The same judge had in 2007, presided on the bench that ordered a Central Bureau of Investigation inquiry into suspected extrajudicial killings against Mr. Saini. The police officer went to the SC with the plea that there was a judicial bias against him from the bench because, he had, in 2002, conduced an inquiry against the presiding judge (in a cash-for-jobs scandal) on the direction of the Chief Justice of the High Court. The apex court not only found merit in the argument, but honed in on more material to castigate the judge.

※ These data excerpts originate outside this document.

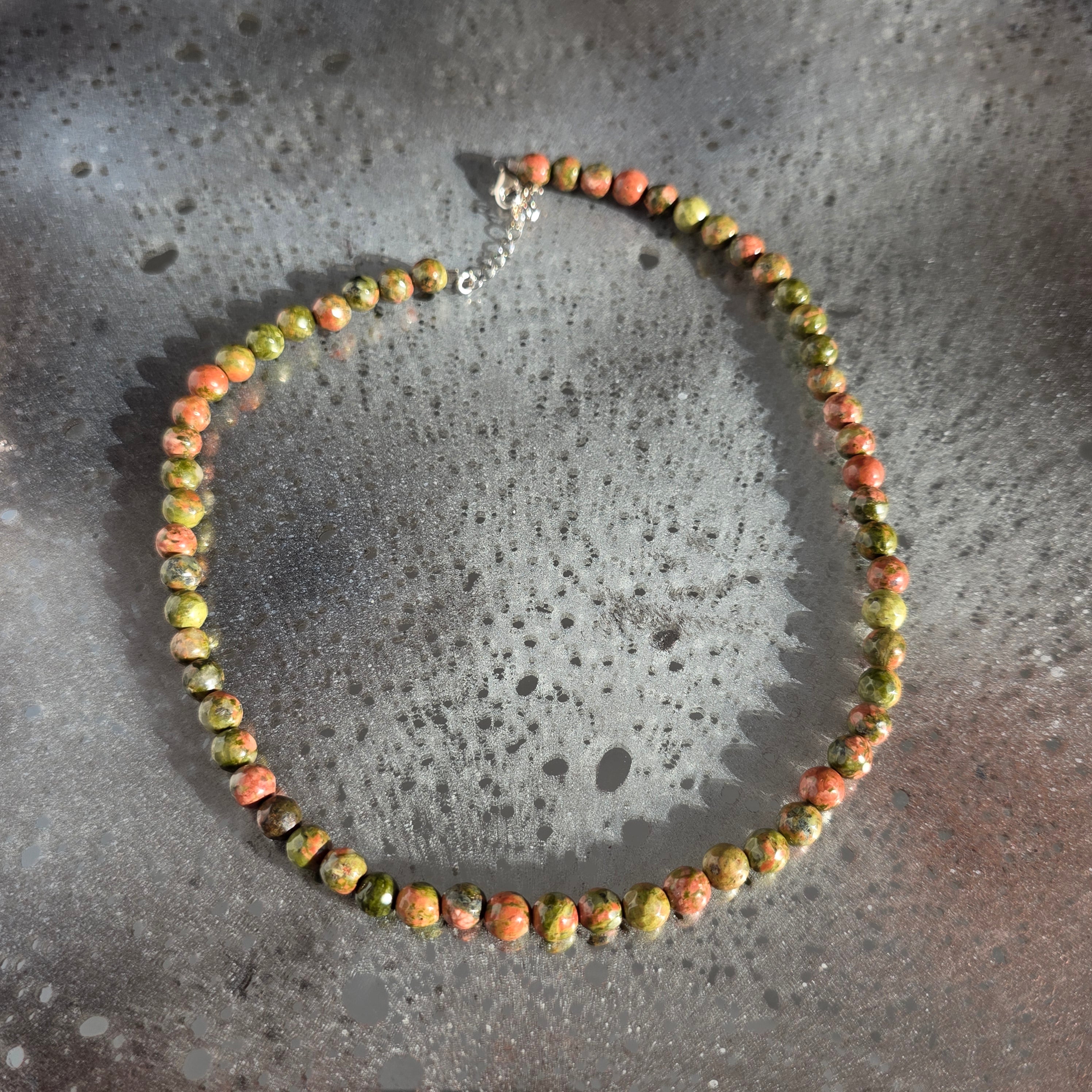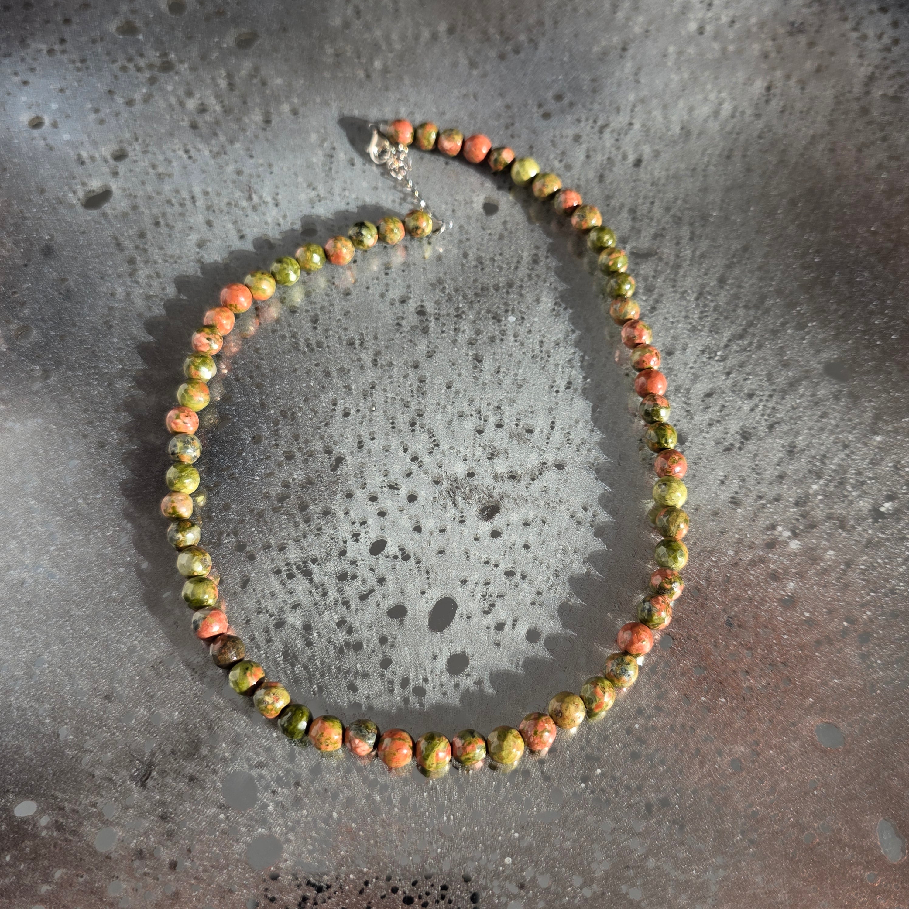 A necklace with the soul of living earth – warm, balanced, and gentle. The 6 mm faceted unakite beads blend shades of moss green and terracotta pink, like a warm autumn landscape captured in a piece of jewelry.
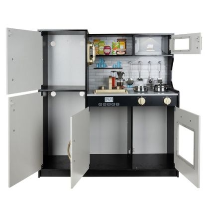 Модерна дървена кухня за игра със звуци, светлина и аксесоари – черна – Kruzzel
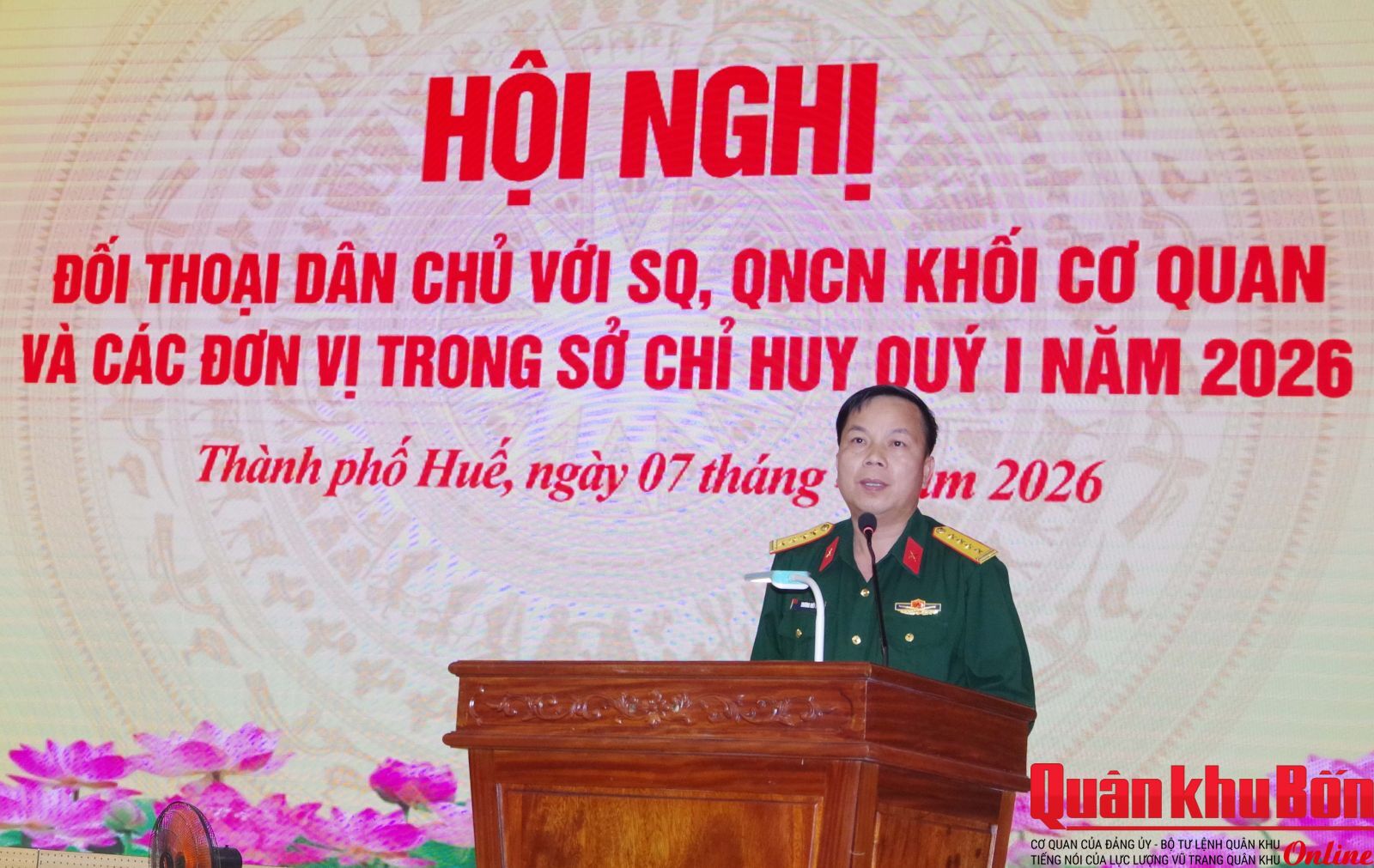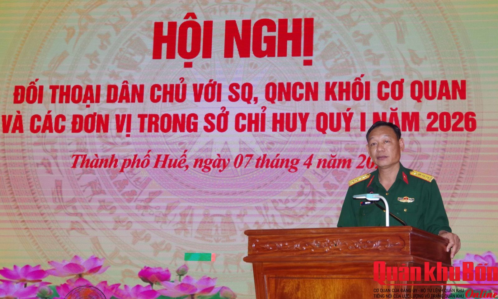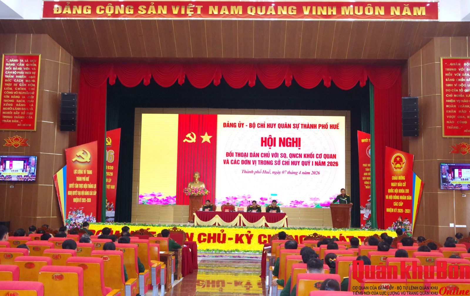 Chiều 7/4/2026, Đảng ủy, Bộ Chỉ huy Quân sự thành phố Huế tổ chức đối thoại dân chủ với sĩ quan, quân nhân chuyên nghiệp khối cơ quan và các đơn vị trực thuộc nhằm kịp thời nắm bắt tâm tư, nguyện vọng của cán bộ, nhân viên. Đại tá Phan Thắng, Ủy viên Ban Thường vụ Thành ủy, Chỉ huy trưởng và Đại tá Trương Viết Hải, Thành ủy viên, Chính ủy Bộ Chỉ huy Quân sự thành phố đồng chủ trì đối thoại.
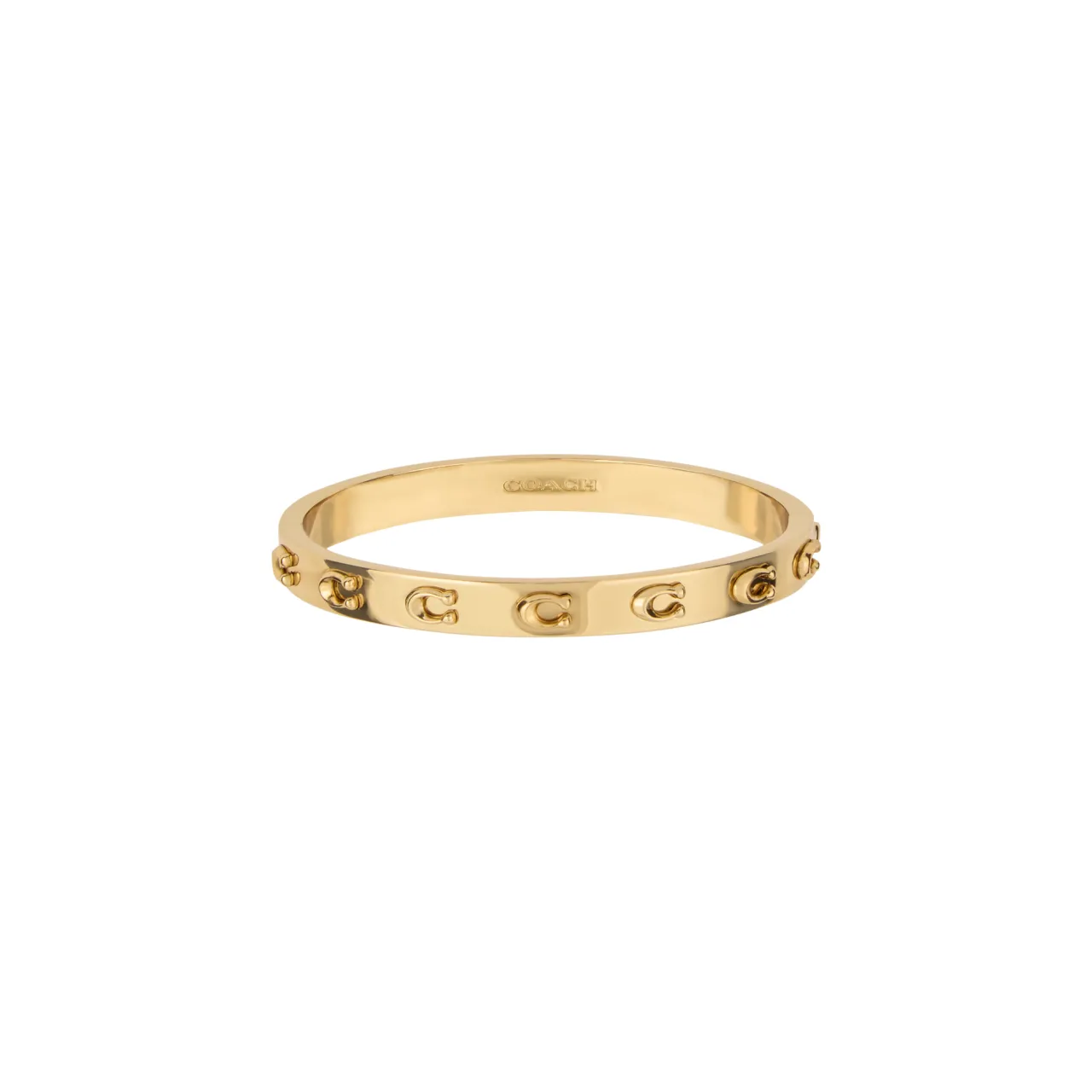 - Hinge fastening clasp, engraved logo branding, signature C logo emblem, bangle style, polished gold-tone finish
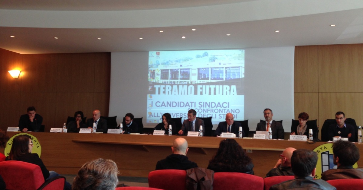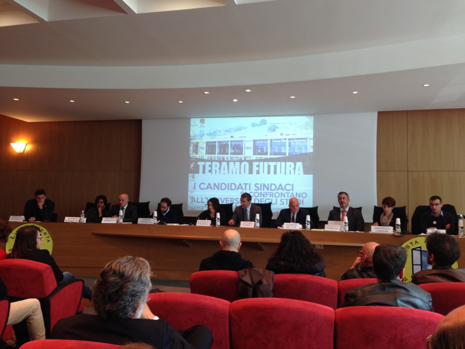DIBATTITO ALL'UNIVERSITA' DI TERAMO COI CANDIDATI SINDACI. Nella la sala tesi dell'Università degli Studi di Teramo, il confronto tra i candidati per la poltrona di Sindaco di Teramo. L'evento, moderato dalla giornalista Antonella Formisani, ha visto Manola Di Pasquale, Berardo Rabbuffo, Giorgio Giannella, Maurizio Brucchi, Gianluca Pomante, Graziella Cordone e Fabio Berardini confrontarsi su domande ideate proprio dagli studenti, che dell'incontro si sono fatti promotori tramite l'associazione Teramo Futura.
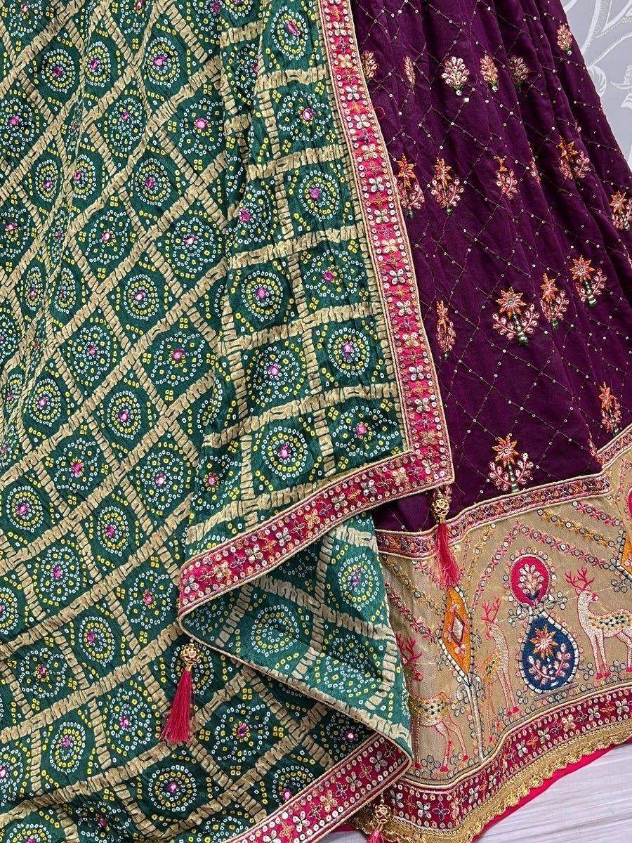To complete the look, a green chiffon dupatta with bandhani print work and fancy lace border work is included. The contrasting green color adds a pop of vibrancy and complements the purple lehenga and choli beautifully. The dupatta drapes gracefully, adding a touch of elegance and grace to the overall attire.

Last December, as it quashed the CBI inquiry against Mr. Saini, the Supreme Court put down in writing, for the first time what was till then an unstated accusation left hanging for years in Punjab’s courts. “The path charted by the High Court inevitably reflects a biased approach. It was a misplaced sympathy for a cause that can be termed as being inconsistent to the legal framework,” the Supreme Court said, going on to say: “The High Court was swayed away by considerations that are legally impermissible and unsustainable.”

“This is a strong indictment,” said a dismayed lawyer associated with the Khalistan lobby even as many in the police received it with satisfaction.

“In the light of the SC strictures, against a judge of the High Court, I would request the SC to reopen many of these cases where terrorists have been acquitted and their sentences commuted. Sections of the Punjab judiciary were always sympathetic to the cause,” Mr. Gill told The Hindu recently.

Heightening the hurt

There have been several judgments in the last couple of years that have heightened the sense of hurt within the khaki fraternity. In 2010, the High Court declined to confirm the death sentence of Jagtar Singh Hawara and commuted it to life imprisonment instead. Hawara and Balwant Singh Rajoana were awarded a death sentence by a trial court in Chandigarh for the sensational bomb blast outside the civil secretariat in Chandigarh in August 1995, in which Punjab Chief Minister Beant Singh and 17 others were killed. Letting off Hawara from the gallows sent a wave of anger in the Punjab police.

“Now that peace has been restored and the judiciary is not fearful anymore,” said an officer who was involved in nabbing Hawara, “we find that judges seem to be interpreting the law too strictly without appreciating the special circumstances under which those actions took place. In so many cases they have thrown out the protection of Section 197 of CrPc that provides immunity from legal action to public servants, for actions taken while discharging duty.”

As many as 1,700 policemen died while fighting terrorism in Punjab and scores of cases were registered for human rights violations against them. Twenty of them are still in jail for various offences. Among them are DSP Jaspal Singh and ASI Amarjit Singh, convicted for kidnapping and eliminating human rights activist, Jaswant Singh Khalra in 1995. Their conviction is a very sore point with the police because it is the same case in which SSP Ajit Pal Sandhu was an accused along with them. Their appeals against life imprisonment were finally dismissed by the Supreme Court in November last year.

Each new setback in the courts makes it harder for officers like Saini, who feel helpless to save their men from the wheels of the legal justice system. He himself faces two cases of kidnapping and abduction from those days.

Rational opinion within the higher ranks of the Punjab police has always acknowledged that the force did indeed resort to undemocratic methods to save democracy in that tumultuous decade. When terrorism ebbed in Punjab, the police were accused of using the same unorthodox methods that they honed against terrorists to deal with ordinary criminals or to settle scores with civilians over petty rivalries. The current episode leading from the leak of Justice Thakur’s letter has brought upfront the same question once again. These are saner times but the finger pointing is just as vicious.